Regarding the hot chassis; it's wired to neutral, and I know my outlet is wired correctly, but yeah will confirm that it's actually close to ground before getting any fingers close to it! Because I can't power it up yet without blowing a fuse, it hasn't been an issue as I'm doing all the analysis in a dead board with a multimeter.
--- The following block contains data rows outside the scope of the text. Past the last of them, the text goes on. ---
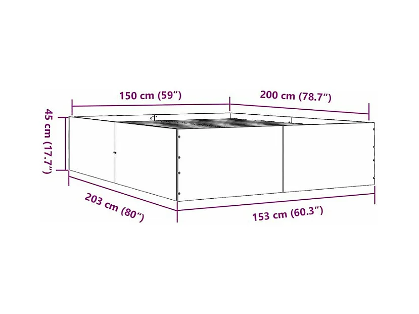 Cadre de lit chêne fumé 150x200 bois d'ingénierie
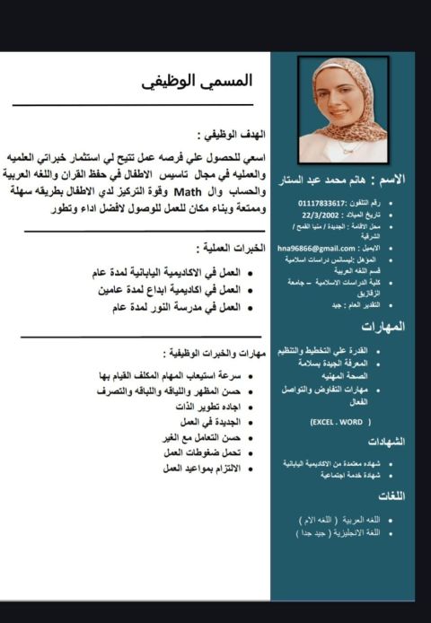I am Ms. Hanem Mohamed Abdel Sattar, 23 years old, a graduate of Islamic Studies, Arabic Language Department. I have four years of experience teaching children the foundational skills of Quran memorization, Arabic, arithmetic, and math. I am a foundational teacher for all grades and have experience in teaching the Quran to children of all ages, focusing on improving their concentration in an easy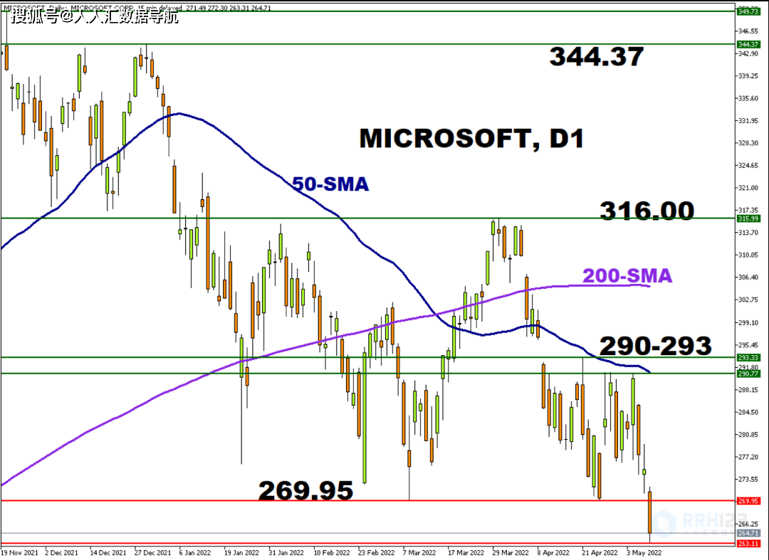 微软昨天走得更远,打破了269年的基本水平支持。 95年的水平已经降至263年,但仍维持不变,但整个情况对微软来说并不是好兆头。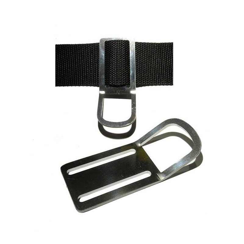 Anilla para anclaje en cinturón. La anilla está angulada para facilitar el clipar y desclipar. Fabricada en acero Inox 316L de 3mm de grosor.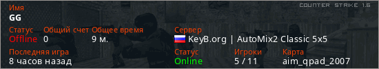 Играет на Counter Strike 1.6 сервере. Страна: РоссияПервый раз замечен 16:48 03.02.2026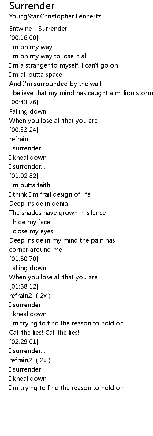 | [00:25.78] | I'm a stranger to myself, I can't go on |

Sadly, I'm not sure that I'm equipped to do proper signal analysis if I get past the overcurrent condition. I've always wanted a decent oscilloscope but never had one. I have one of the USB oscilloscopes, but it's only designed for logic board level voltage (I think less than 10V) and I'd probably fry it with the signals coming off the monitor/TV. I'm hoping though that if I can fix the overcurrent condition it will otherwise just work.

 

[mdhokie]

Disconnected horizontal output (Q101) black wire that went to the high voltage, still blows fuse. So still hunting, but that definitely seems like a useful test. That was my last spare fuse though, so I need to go buy some fuses before I can do any more disconnect/fuse experiments with the vertical output. I assume I'll continue to leave the H output disconnected just in case there's multiple faults, until I can get it to power on without blowing fuses. Thanks for the tip!

 

[mdhokie]

Got more fuses.

@Hugo Holden : Today I tried disconnecting the white wire from above the resistor that says "vert out" that goes to the tube. Not sure if this was what you meant by disabling the vertical output, but it was an effective test. With both that and the horizontal output wire removed, I can plug in and turn on the switch without blowing a fuse. It did seem to perform a lobotomy on most of the board however. From the Sam's book I referenced, PDF page 48: Pin 1 (the 11.1V reference point) was at 6.25V; Pin 2 (the 85.9V reference point) was at 143V, and all the other low voltage points were at 0. No humming and no tube lighting up, but neither did the fuse blow, so that's a start. If I understand what you said earlier, I should now try re-connecting the horizontal output wire and seeing what happens?

 

[mdhokie]

With horizontal output wire reconnected, tube does indeed light up, and I see the lower voltages are present and roughly the correct values. Hey that's progress! Now to figure out what's going wrong with the vertical output...

 

[mdhokie]

OK I did a lot more troubleshooting and have to admit I'm stumped. Anybody understand this design enough to know what's going on? I have lots of information though:

- I have the wire from post E27 disconnected (one side of the deflector yoke vertical coil) to keep it from blowing the fuse. Everything else connected. The tube powers up, and if I have the brightness turned up I see a horizontal white line. I keep it turned down to avoid burning in the tube.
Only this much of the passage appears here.